Supply and Demand in Economics

Supply and demand is basically determined by various factors such as, cost, quality, and quantity among others. Even though supply and demand influences wages, it does not fully determine input and output. To begin with, in order to improve on supply and demand, a couple of tasks should be implemented so as to increase competiveness. As a result, this increases productivity and wage. In this case, productivity refers to the cost of factor inputs and the value of the resultant output. It measures the input in the production process and the output. In a broad sense, it refers to the extent to which the productive resources of a country are utilized. The factors of production are land, capital, manpower and entrepreneurship.

In other words, this is the only way to win new clients and maintain the current customers. Additionally it desires to embrace dynamisms surrounding technological evolution and innovativeness. This is a strategy with big prospects. The viability of this approach has been assured by the achievements attained in the recent past. Majority in the secondary market target do not actually make the purchase though they influence the purchasing through relationship of the buyer or/ and the decision maker and therefore the pricing factor remain constant as that of the primary market target. A high price should initially be set as earlier shown, as is appropriate to the new technology in the introductory phase and competitively proportionate to the currently limited competition.
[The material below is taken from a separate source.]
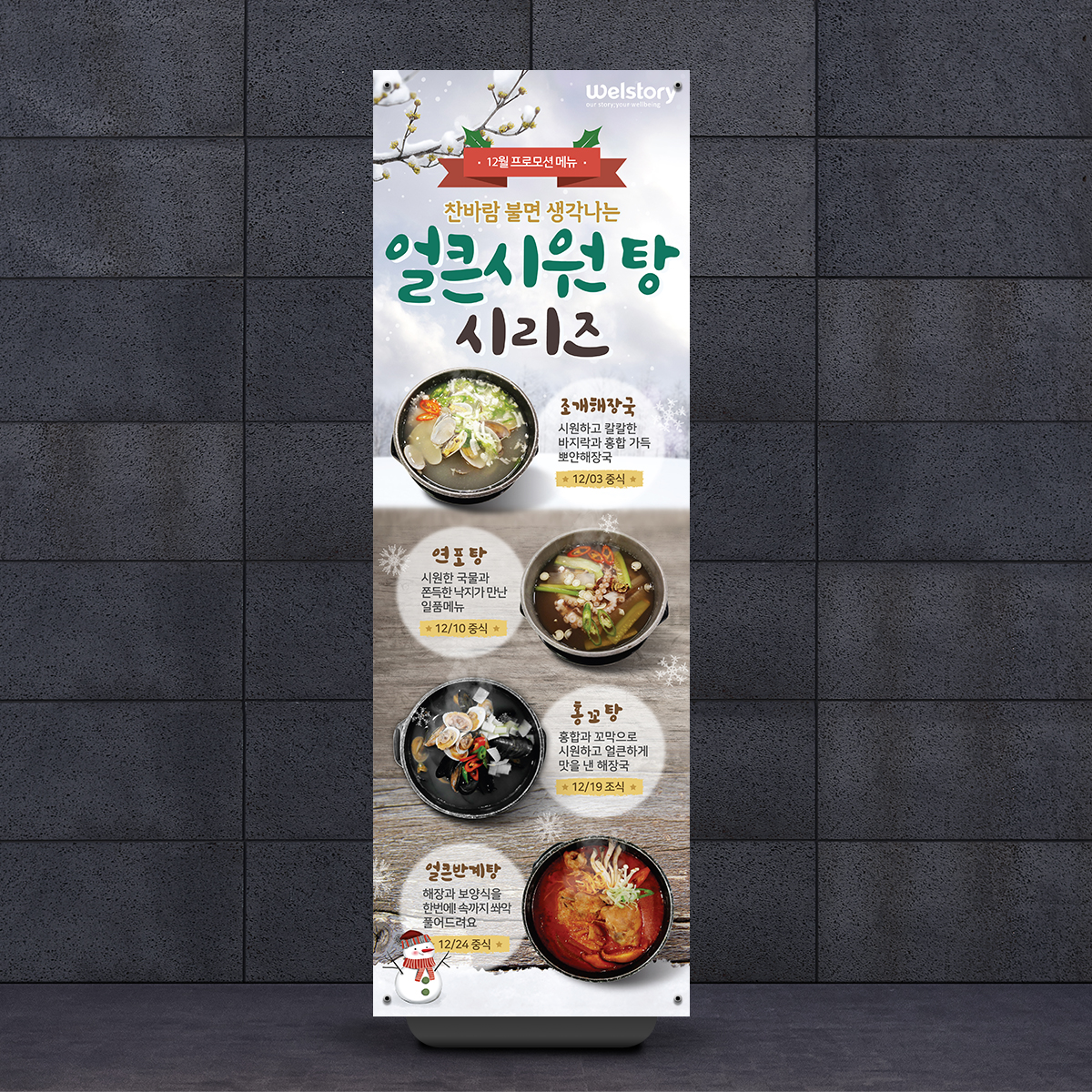 삼성 웰스토리 X배너 중 하나로, 찬바람 불면 생각나는 얼큰시원탕 시리즈라는 12월 프로모션 주제로 배너 디자인 작업을 하였습니다. 추운 날의 눈 쌓인 이미지와 따뜻한 국물요리를 배경으로 전체적으로 겨울이 생각나는 짙은 갈색부터 색상톤을 매치하였습니다. 상단에는 크리스마스가 연상되는 장식을 달아 겨울 이미지를 강하게 주었습니다.

Having a positive attitude is one of the strategies use by employer when choosing the right employees. It is easier to work with someone who attitude towards his work is positive other than having someone whose attitude is inherent and cannot be changed. Attitude involves a blend of humor, energy, team work and self confidence.


It is clearly evident that if productivity is increased consistently, the cost of production per unit reduces. This increases the overall welfare of the consumers since the price of goods also reduces. Companies also benefit since they are able to boost their earnings without increasing the inputs. The productivity of an economy depends on many factors. Education, technology, research and development are some of the key factors that dictate the level of productivity.